(Saved entries)
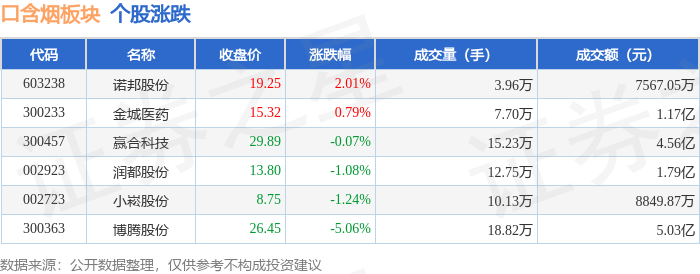 证券之星消息,1月19日口含烟板块较上一交易日下跌1.4%,博腾股份领跌。当日上证指数报收于4114.0,上涨0.29%。深证成指报收于14294.05,上涨0.09%。口含烟板块个股涨跌见下表:
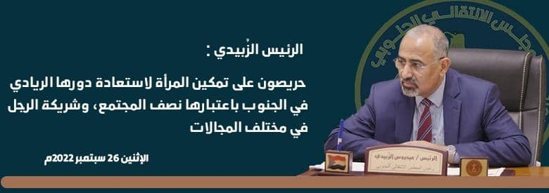 الرئيس الزُبيدي: حريصون على تمكين المرأة لاستعادة دورها الريادي في الجنوب الرئيس الزُبيدي: حريصون على تمكين المرأة لاستعادة دورها الريادي في الجنوب
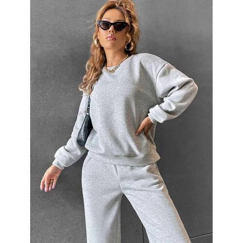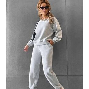 Conjunto de Moletom Abrigo Feminino Flanelado Algodão Liso - Cinza - GG
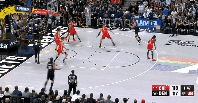 約基奇關(guān)鍵時(shí)刻頂投三分砍下32分,掘金剩2分鐘反超公牛2分
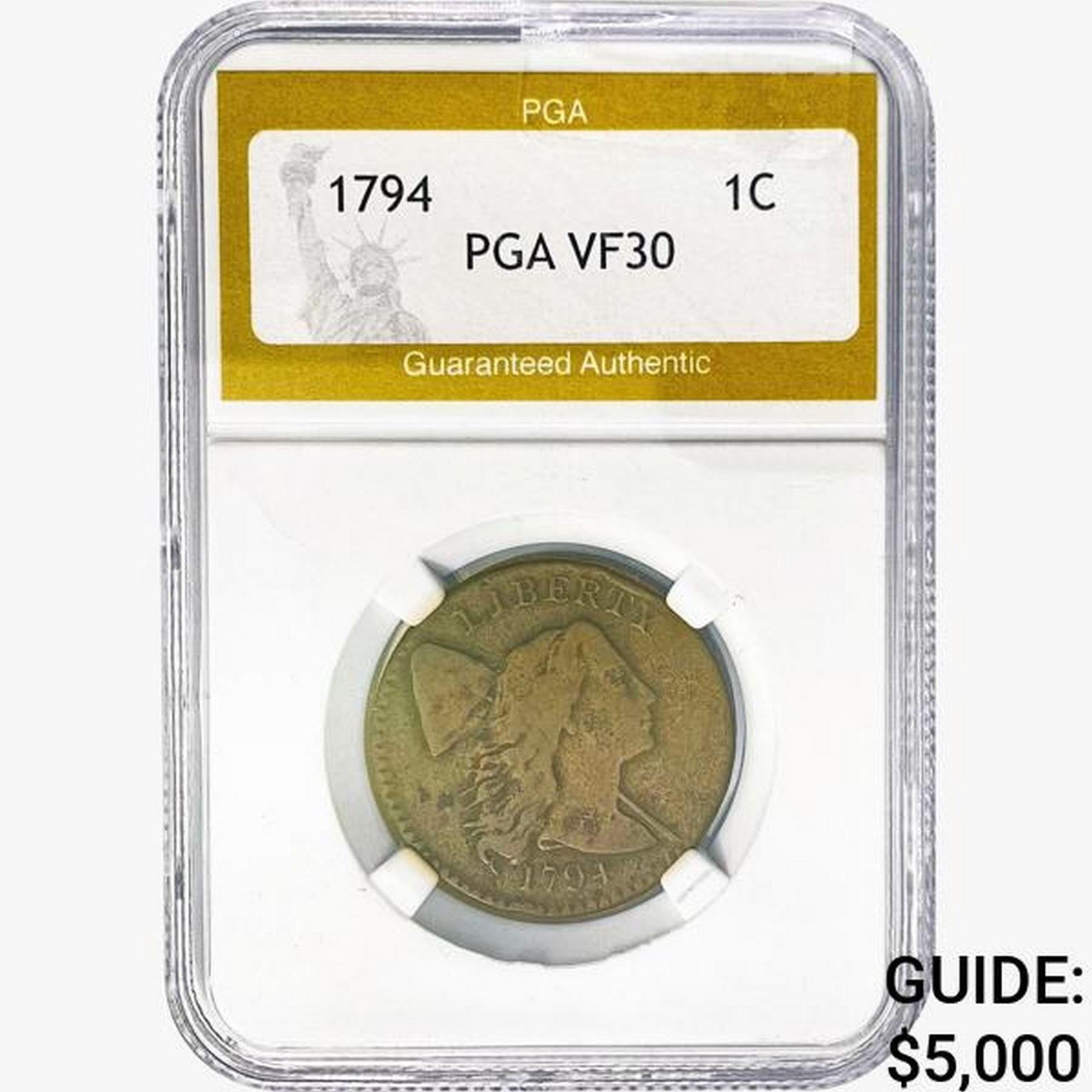 1794 Flowing Hair Large Cent PGA VF30
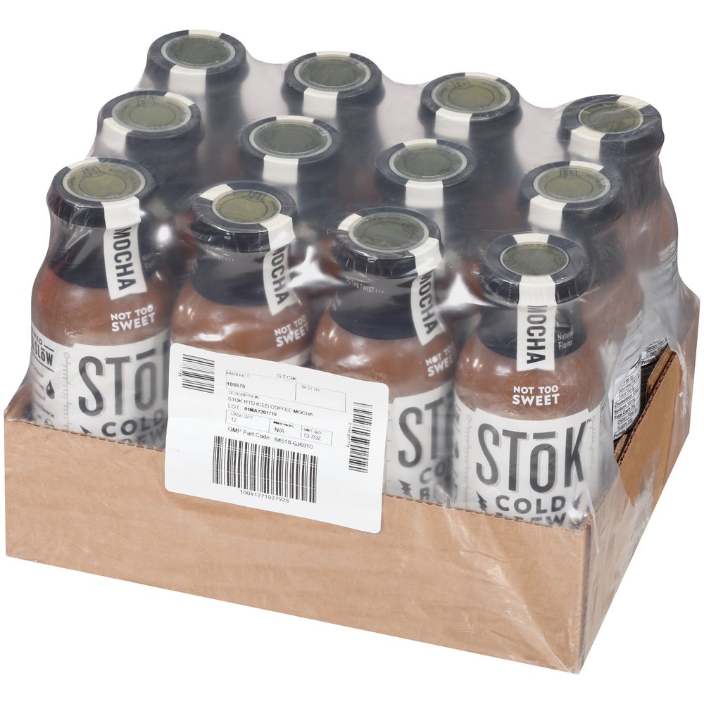 Stok Cold Brew Coffee Mocha Ready-to-Drink Cold Brew Coffee, Single-Serve, Glass, 13.7 Fl Oz Bottle, 12/Case
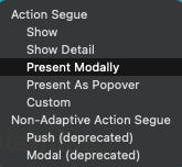 이렇게 연결하면 Present Scene이 Presenting View Controller가 되고,
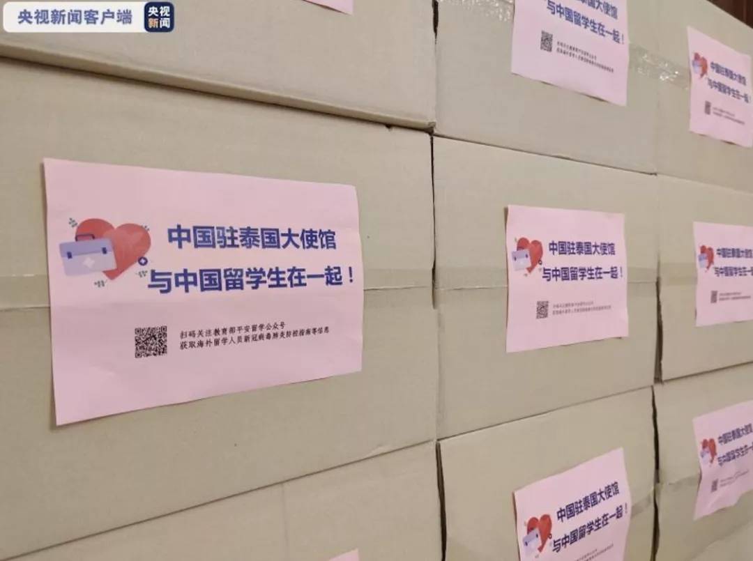 ▲中国驻泰使馆为留学生发放防疫“健康包”。
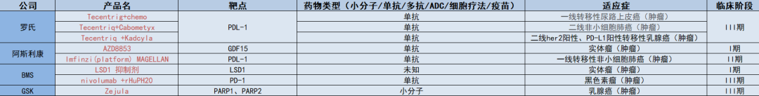 罗氏一共终止了3条单抗类药物管线,均为Tecentrig组合药物,分别为:用于一线转移性尿路上皮癌的Tecentrig+chemo、用于二线非小细胞肺癌的Tecentriq+Cabometyx、用于二线her2阳性、PD-L1阳性转移性乳腺癌的Tecentriq +Kadcyla。
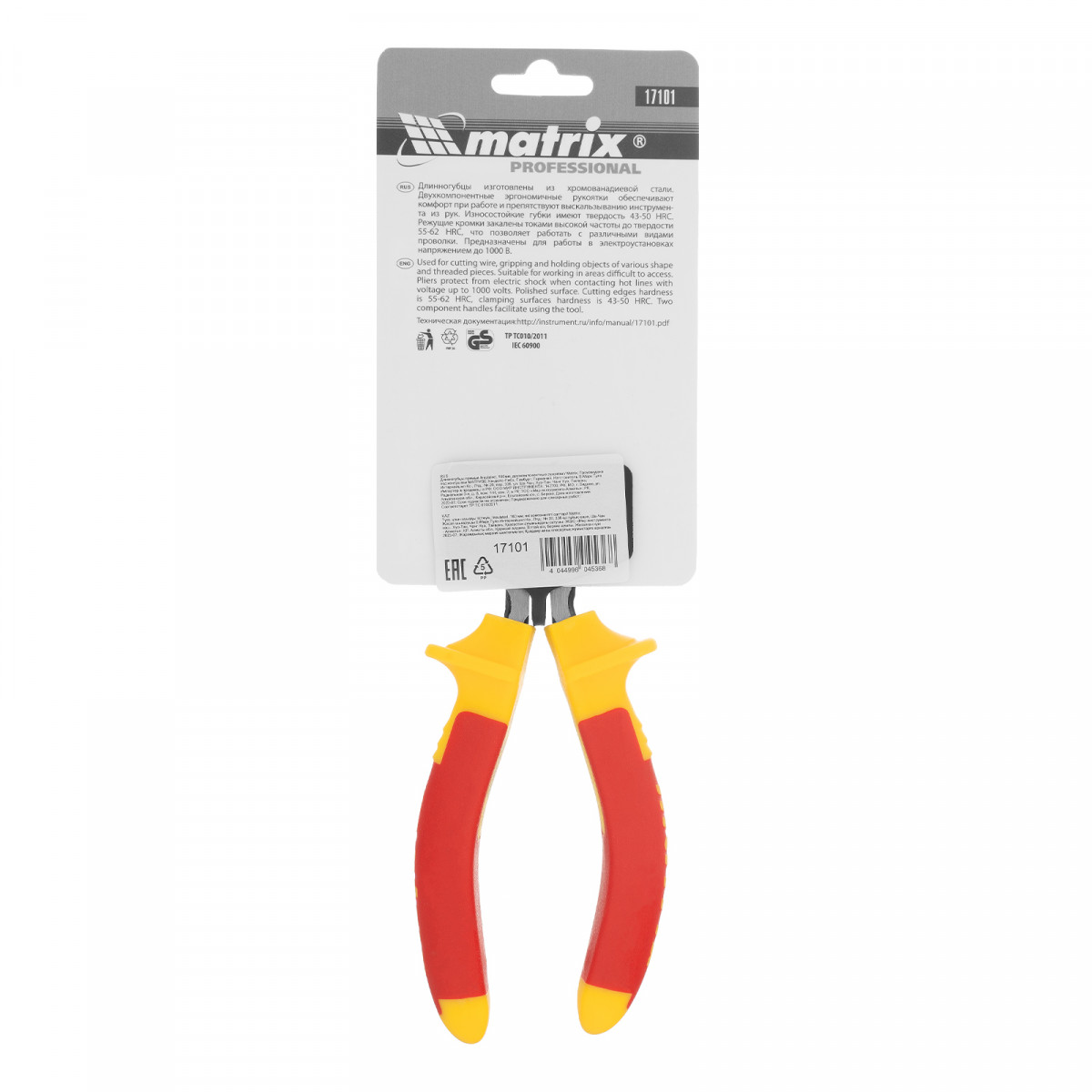 Прямые длинногубцы Matrix Insulated 17101 длиной 160 мм, с двухкомпонентными рукоятками, служат для удерживания гвоздей и других мелких деталей, перекусывания проволоки, ремонта мелкой техники и решения других задач. Инструмент удобен для работы в труднодоступных местах и будет полезен домашнему мастеру. Рукоятки обладают диэлектрическими свойствами до 1000 В, однако техника безопасности запрещает проводить работы под напряжением!

▶ **About this task**:
Leaving the pictures aside, transcribe exactly the lines from the one containing "1794 Flowing Hair Large Cent PGA VF30" to the final line of the entries above, both ends included.

▶ **Your solution**:
 1794 Flowing Hair Large Cent PGA VF30
 Stok Cold Brew Coffee Mocha Ready-to-Drink Cold Brew Coffee, Single-Serve, Glass, 13.7 Fl Oz Bottle, 12/Case
 이렇게 연결하면 Present Scene이 Presenting View Controller가 되고,
 ▲中国驻泰使馆为留学生发放防疫“健康包”。
 罗氏一共终止了3条单抗类药物管线,均为Tecentrig组合药物,分别为:用于一线转移性尿路上皮癌的Tecentrig+chemo、用于二线非小细胞肺癌的Tecentriq+Cabometyx、用于二线her2阳性、PD-L1阳性转移性乳腺癌的Tecentriq +Kadcyla。
 Прямые длинногубцы Matrix Insulated 17101 длиной 160 мм, с двухкомпонентными рукоятками, служат для удерживания гвоздей и других мелких деталей, перекусывания проволоки, ремонта мелкой техники и решения других задач. Инструмент удобен для работы в труднодоступных местах и будет полезен домашнему мастеру. Рукоятки обладают диэлектрическими свойствами до 1000 В, однако техника безопасности запрещает проводить работы под напряжением!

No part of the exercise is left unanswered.